## Stored data
-=-=-=-=-

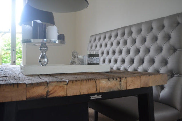 Deze eetkamerbank met hoge rugleuning word op maat voor u gemaakt in elke afmeting die u wenst.
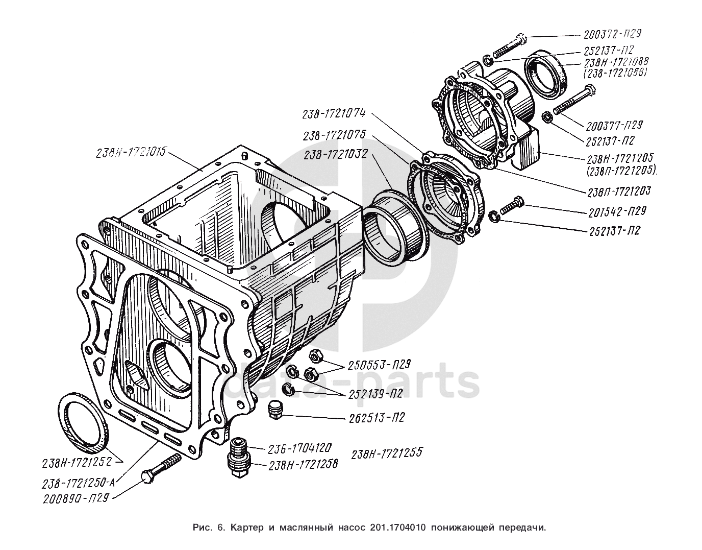 Картер и масляный насос 201.1704010 понижающей передачи ЯМЗ-238 Н
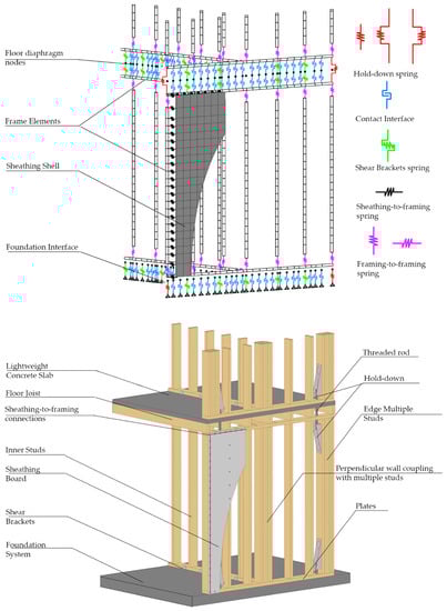 Detailed coupled three-dimensional numerical models were developed in OpenSees [31]. Every component of the timber light-frame wall is included (studs, sheathing boards, plates, nails, and mechanical connections), as well as the friction and contact interactions at the foundations and floor slabs. Figure 2 shows the wall components and the corresponding finite element model.
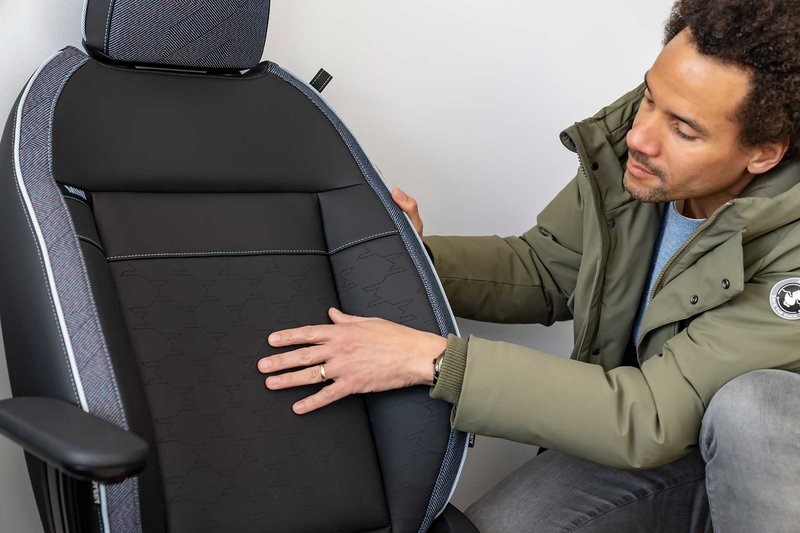 Ένας φρέσκος συνδυασμός νέων χρωμάτων και μοτίβων μαζί με κλασικά στοιχεία στυλ, όπως το μοτίβο houndstooth, δημιουργούν μια γέφυρα από το παρελθόν στο μέλλον. Τα πλαστικοποιημένα πλαϊνά πάνελ των καθισμάτων φαίνονται ιδιαιτέρως πολύτιμα και επιβεβαιώνουν την προσοχή στη λεπτομέρεια. Όπως και τα υποβραχιόνια που ενσωματώνονται για πρώτη φορά στα καθίσματα, συμβάλλουν στη φιλική αίσθηση του εσωτερικού.

-=-=-=-=-

## What is expected
Write out the whole listing exactly as it appears, and omit the pictures.

## Result of this exercise
 Deze eetkamerbank met hoge rugleuning word op maat voor u gemaakt in elke afmeting die u wenst.
 Картер и масляный насос 201.1704010 понижающей передачи ЯМЗ-238 Н
 Detailed coupled three-dimensional numerical models were developed in OpenSees [31]. Every component of the timber light-frame wall is included (studs, sheathing boards, plates, nails, and mechanical connections), as well as the friction and contact interactions at the foundations and floor slabs. Figure 2 shows the wall components and the corresponding finite element model.
 Ένας φρέσκος συνδυασμός νέων χρωμάτων και μοτίβων μαζί με κλασικά στοιχεία στυλ, όπως το μοτίβο houndstooth, δημιουργούν μια γέφυρα από το παρελθόν στο μέλλον. Τα πλαστικοποιημένα πλαϊνά πάνελ των καθισμάτων φαίνονται ιδιαιτέρως πολύτιμα και επιβεβαιώνουν την προσοχή στη λεπτομέρεια. Όπως και τα υποβραχιόνια που ενσωματώνονται για πρώτη φορά στα καθίσματα, συμβάλλουν στη φιλική αίσθηση του εσωτερικού.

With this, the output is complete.